Originally Posted by Raul_SJ
Knee x-ray report.
Narrowing of knee joint joint and patellofemoral joint space is seen more so in the medial tibiofemur space.
MRI Right knee
Osteophytes seen from the condyles of tibia, femur and patellar margins.
Early osteoarthritis of both knee joints.
Osteoarthritic changes noted as evidenced by Marginal Osteophytes from the condyles of Tibia, Femur with mild narrowing of Knee Joint spaces and altered signal intensity.
Minimal fluid noted in the knee joint and suprapatellar bursal spaces appearing hyperintense on T2, PDFS and hypointense on T1W sequences.
No synovial hypertrophy.
ACL and PCL are normal in size and alignment, however minimum irregularity and signal changes noted at the margins.
Lateral menisci is normal in size, shape and signal intensity.
Medial and lateral collateral ligaments are normal.
Muscles, Tendons and Neuro Vascular Structures around the knee joint are normal.

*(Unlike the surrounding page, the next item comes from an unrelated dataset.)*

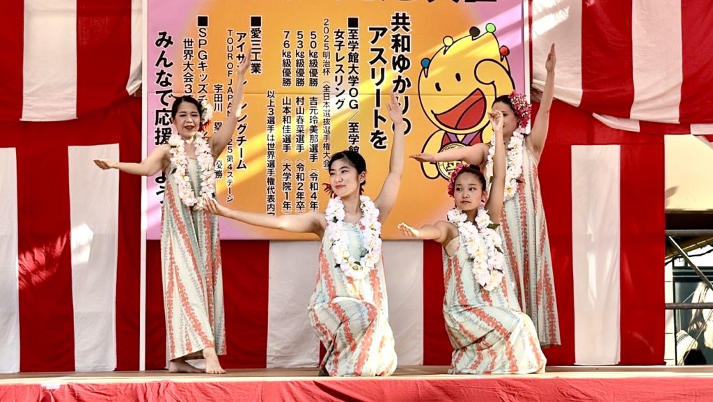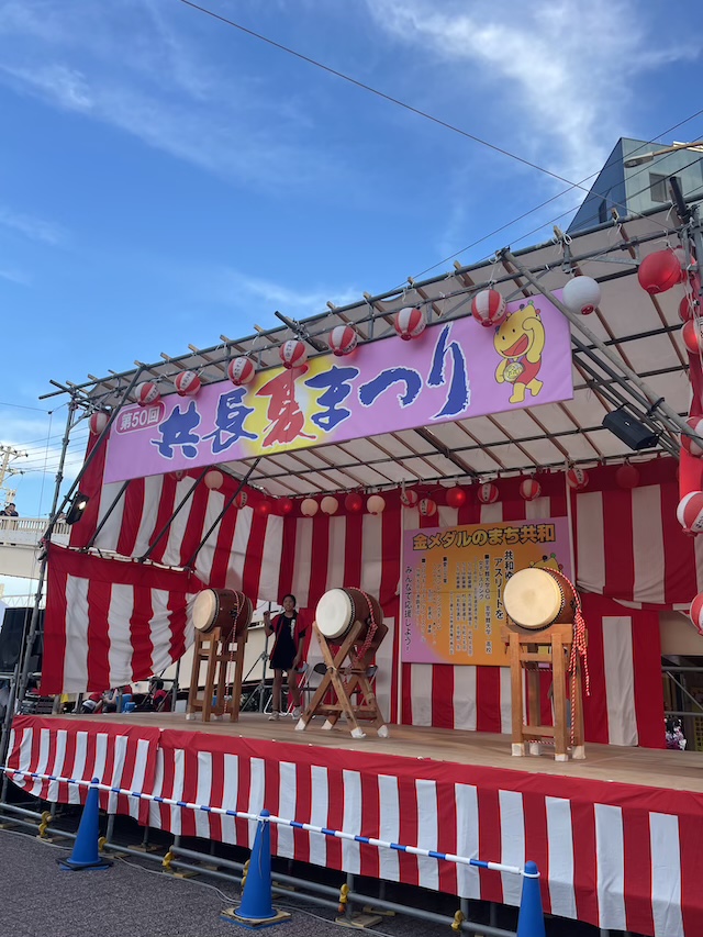 夕方からは、お店の地元/共和駅前にて『共長夏祭り/hula🌺で参加』

Patella and Patello Femoral Articulations are normal.
Hoffa's Fat Pad is normal.
Posterior horn of the Medial meniscus show small focus of altered signal intensity extending up to Capsular surface and it appears Iso to hyperintense on all sequences.
Osteoarthritic changes of knee joint.
Grade II degeneration involving the posterior horn of medial meniscus.
Minimal knee joint effusion.
I am not qualified or capable of evaluating a report like this. What I do is search each term and also entire phrases to find information.
Briefly searched and found information on
- found pictures, lots of material
"Grade II degeneration involving the posterior horn of medial meniscus.
" Any tear found? or degeneration?
(Last year my injury was
"LATERAL COMPARTMENT: There is some degenerate signal within the lateral meniscus as well as a focal intermediate-grade, partial thickness tear at the posterior root attachment."
The Dr thought that the injury probably was not that bad. I took off tennis for 3 months and resumed playing very gradually. That knee injury is OK now. )
When an MRI says "normal" for a structure that is as good as it gets - but MRI's miss things so always keep them in mind as possibilities. The many "normal"s in your report are one very good result.
Study the anatomy of the knee structures. Study your knee results until you understand them.
Injury Location and Posture Issues
. Does the location of any of the injury sites on the front (anterior), back (posterior), inside (medial) or outside (lateral) have any relation to your posture? For example, if all your Marginal Osteophytes are on the inside (medial) part of the knee, are you slightly bow legged? Or "Narrowing of knee joint joint and patellofemoral joint space is seen more so in the medial tibiofemur space." - hip muscle posture affects joint cartilage pressure and quad muscle imbalances can cause patella tracking problems.? Complex, subtle issues for a specialist. You need injury location information that may not be in your MRI report. Similar questions.
Technical reference researching the location of Marginal Osteophytes. For illustration only.
. In addition to the more mobile meniscus and lateral cartilages the knees have articular
cartilages that are part of the ends of the bones. Advanced arthritis often/always? involves damage to the articular cartilages and finally the bones. What was the Dr's prognosis?
Interesting paper just found, I believe it deals mostly with articular cartilage
Lyme disease arthritis is not rare. What are its characteristics? Familiarize yourself with it and discuss with your Dr to rule it out.
Ask yourself what your goals are?
Frequently run 5 miles/distance.
Maintain leg muscle.
Is running distance keeping your knees inflammed? Tennis? Dropping things that we really want to do is very tough. Take off for a few months and see how your knees feel? Find alternate exercises.